Tuesday, February 12, 2008

Talking Health Care

I've been trying to pull together some resources for comparing Senator Obama's and Senator Clinton's health care reform plans.  First, here are the links to the plans themselves:



All analyses I've read say the key differetiator between the plans is the mandate Senator Clinton places on all individuals to get health insurance; Senator Obama only mandates that children be insured.  Everyone agrees that Senator Clinton's plan will insure more people and cost more than Senator Obama's, though there is little agreement on how many more people or how much more money.  Paul Krugman of the New York Times thinks that Senator Clinton's plan is well worth the added expense; he figures that it will cover many more people at only a slightly higher cost.  Timothy Noah from Slate thinks Hillary's mandate will make her plan unsalable to voters.  The Wall Street Journal agrees with Noah, although I don't expect them to support any health care reform package when it is brought before Congress.

Health08.org has a point-by-point comparison of the plans, which verifies that the mandate is the key differentiator.

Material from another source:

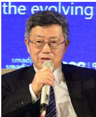
迟福林：中国（海南）改革发展研究院院长、CCG 学术专家委员会专家

欧洲无论从政治关系还是经贸关系来讲，都与中国非常密切。中国企业现在对欧洲很感兴趣，但是必须要注意到欧洲虽然有一点缓慢复苏的迹象，但还是面临着比较严峻的经济形势。大格局上中欧之间的关系如何处理，现在已经到了一个关键的节点。中欧贸易应该全面地看，欧方的贸易应该既包括货币贸易也包括服务贸易，我们的服务贸易是逆差的。在知识产权保护方面，如何保持技术队伍稳定，扩大就业，给社区带来正面的影响，这些都至关重要。欧洲的技术相对开放，中国企业如果资金相对充足，还是有很多机会寻求在欧洲的合作伙伴。

With the two plans being so similar, we also have to consider the people who are proposing the reforms and the arguments they will use to achieve their aims.  Senator Obama says that his bipartisan approach will allow him to make changes that that Senator Clinton can't.  While I agree that Obama personally will be more able to reach across the aisle and engage Republicans, I believe that Senator Clinton is the one who is better framing the need for health care reform.  On her website, she emphasizes that her health care plan is good for small business.  I think this will be key to selling any proposals to Congress.  While the need to help the uninsured and underinsured in this country is undeniable, having that be the sole argument for change only allows reforms to be attacked with the "big-government entitlement" label.  Health care reform should be pursued as an economic and global competitiveness issue, for both small and big businesses.  We are losing jobs to overseas employeers, because health care costs here are too expensive.  GM now builds more cars in Ontario, where the unions are much stronger, than in Michigan, because Canada has national health care which makes labor there cheaper.  By enlisting the business community's help to lobby for lower health care costs, either Senator Obama or Senator Clinton could put together a broad coalition to fix our health care system.